Keyboard shortcuts

Press or to navigate between chapters

Press S or / to search in the book

Press ? to show this help

Press Esc to hide this help

Quality control report

Rastair comes with a helper script, written in R, which generates a comprehense QC report for your library.

Info

If not using the docker image: The QC tool requires a working installation of R with RMarkdown, data.table, ggplot2 and argparser libraries. You can install all of them at once with

install.packages(c("argparser", "data.table", "ggplot2", "rmarkdown"))

For V-bias and GC-bias plots, it also requires Rsamtools from Bioconductor. This can be installed with

if (!require("BiocManager", quietly = TRUE))
  install.packages("BiocManager")

BiocManager::install("Rsamtools")

It also requires pandoc for rendering and bcftools for GC and CpG bias plots.

Generating QC reports

The qc report can be generated directly from a bam file, or from pre-generated per-read and per-position bed files:

mkdir -p test_qc
rastair mbias --output-prefix test_qc --bam test.bam

This will produce a file called qc_report.html in the test_qc directory.

You can selectively disable the V-bias and GC/CpG bias plots to speed up processing and/or reduce dependencies:

mkdir -p test_qc
rastair mbias --output-prefix test_qc --no-vbias --no-gc --bam test.bam

Elements of the QC report

Conversion of methyl-C to T should be independent of where in a sequencing read the methylation ocurred. However, in reality, a number of experimental procedures can affect the evenness of conversion. For example, sonication or enzymatic digestion of genomic DNA can produce single-stranded ends. When these are repaired for A-tailing, the newly synthesized parts will be unmethylated.
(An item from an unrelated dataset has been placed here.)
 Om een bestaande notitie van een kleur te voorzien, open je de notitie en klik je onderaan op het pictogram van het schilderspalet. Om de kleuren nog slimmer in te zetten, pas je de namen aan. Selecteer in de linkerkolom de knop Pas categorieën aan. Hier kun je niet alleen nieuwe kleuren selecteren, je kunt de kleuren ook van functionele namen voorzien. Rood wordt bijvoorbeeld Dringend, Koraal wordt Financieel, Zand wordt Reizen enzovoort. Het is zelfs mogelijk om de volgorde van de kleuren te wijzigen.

To identify any potential issues in your data, we are providing two types of plots to investigate the evenness of methylation:

M-bias

The classic "methylation bias" (aka M-bias) plot shows the average methylation per position in a read:

Example M-bias plot

Info

Unlike other tools, we consistently use 5'→3' orientation per read, not per reference!

We distinguish between OT and OB fragments, and show average methylation for R1 and R2 reads separately. This is an example of an enzymatically fully methylated piece of DNA that we use as a control, so methylation is nearly 100% across most reads. However, you can see that the ends of R2 of OB fragments seem to have lost methylation information. This could be corrected with the --nOT and --nOB arguments to rastair call.

To facilitate choosing the right cutoff parameters, we also generate a text file for each processed chromosome that contain the estimated optimal --nOT and --nOB settings, respectively.

In this example, the script produced this:

cat bacteriophage_lambda_CpG_cutoffs.txt
0,0,0,2
0,0,0,5

In other word, it suggested we set --nOT 0,0,0,2 and --nOB 0,0,0,5, ie remove the last 2 and 5 bases of R2 in OT and OB, respectively.

V-bias

In some cases, for example when DNA is enzymatically digested in vivo or in vitro, there might be a wide range of fragment sizes. We have observed in some instances that fragment size has an impact on methylation bias per read position. To visualise this, we provide what we call a "V-bias" plot:

Example V-bias plot

Here, colour denotes methylation, while the y-axis reflects the length of the original fragment, assuming paired-end sequencing.

GC/CpG bias

We also provide some plots to visualise the relationship between local GC content and CpG density per read vs methylation and coverage:

Example GC-bias plot

Here, you can see whether highly/lowly methylated reads fall into high/low GC-content regions.

Another occasional issue is coverage differences depending on CpG density of the read:

Example CpG-bias plot

Here, you can see that there's a slight negative correlation for 100bp regions with many CpGs to have lower coverage.